Private sector producers can be divided into larger and smaller employers. The cut-off for policy-makers is often 50 employees or more (larger-the pre-Obama employer healthcare mandate threshold). Smaller producers are, as a rule, more attentive to the whims of the market and more nimble although (as I already stated) they are more easily ruined by new taxes or regulations or other authoritarian barriers to growth. They have access to less financing and usually operate with small margins (the free market constantly pushing competitors toward a profit margin of ‘0’). Smaller producers are far less concerned with degrees, which is what you would guess for small organizations who are risking big with every new hire. They cannot impose arbitrary hiring rules or follow the herd. The value of a college degree as a signal of industry and intelligence is beginning to fade everywhere and nowhere is it fading faster than among small producers. Can you do the job as advertised? Are you intelligent, honest, well-balanced, and punctual? Congratulations… you are a candidate. Only for roles where there is specific collegiate information or training (vet techs, for example, or accountants, or paralegals) are credentials a requirement. This should be the situation in every layer and corner of the workforce, but it currently is not. What is the situation among large private producers?

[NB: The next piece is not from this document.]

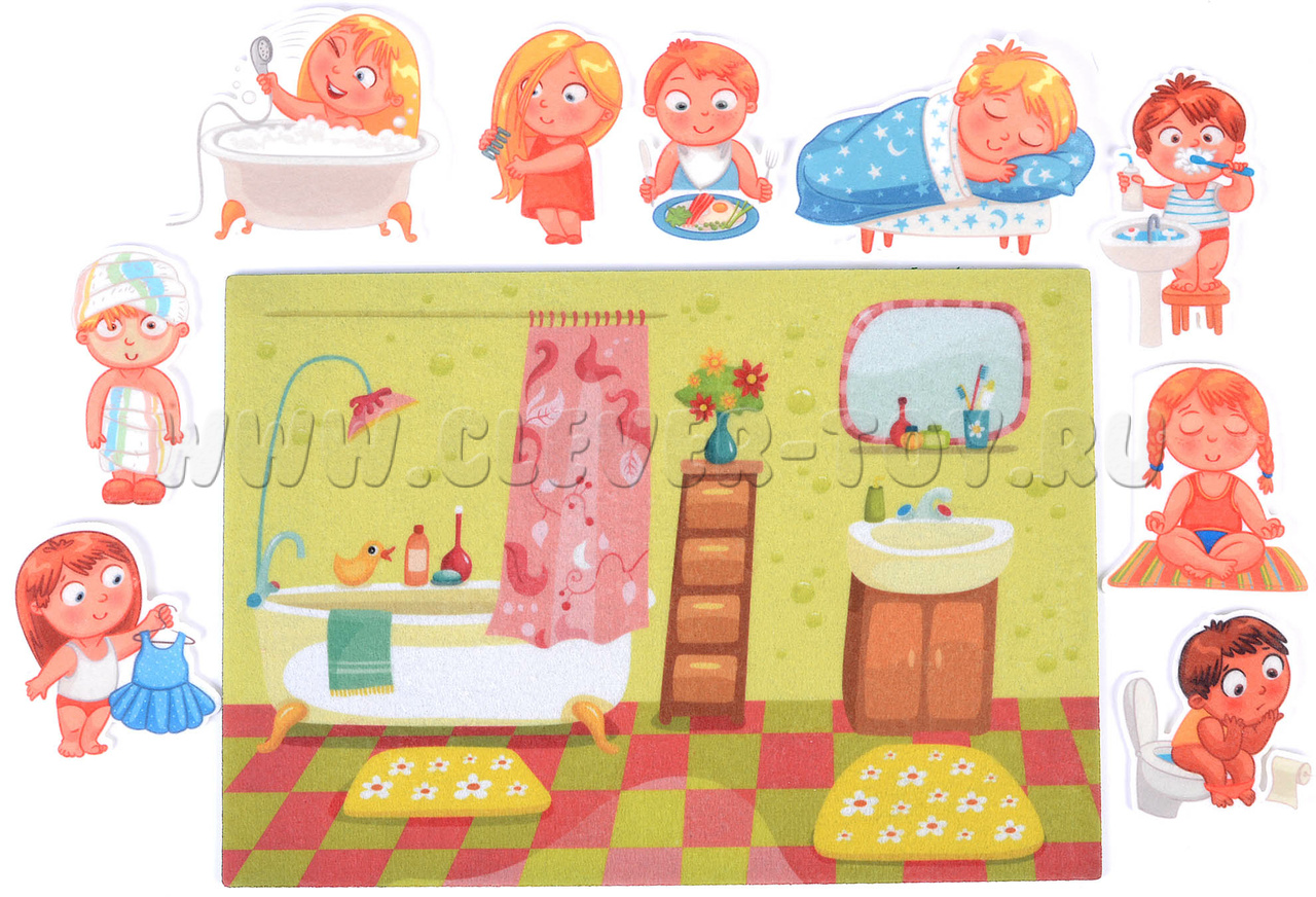 - 9 фигурок: ребёнок, сидящий на горшке, ребёнок, который чистит зубы, кушает, занимается йогой, расчёсывается, спит, одевается, ребёнка, принимающего ванную, ребёнка, закутанного в полотенце после купания;

Large private sector employers also demand college degrees, even for the most pedestrian and trivial occupations. Do you want to be a banker or an office worker or an inventory manager? A degree is usually required these days. How did we get here? Why do degrees like ‘Art History’ or ‘Political Science’ (my own major) or even ‘Psychology’ have such value? It has almost nothing to do with the actual information or skills learned in service of earning the degree. Even law school (which I experienced for a single strange semester) barely relates to the day-to-day work of any lawyer. That information is learned on the job. Certainly there are useful standards and habits (and modes of thought) learned in law school… but not three years’ worth. There are many examples and many degrees which have only marginal or specific application to the job market but yet carry weight as an employment credential. I think there are two reasons for this.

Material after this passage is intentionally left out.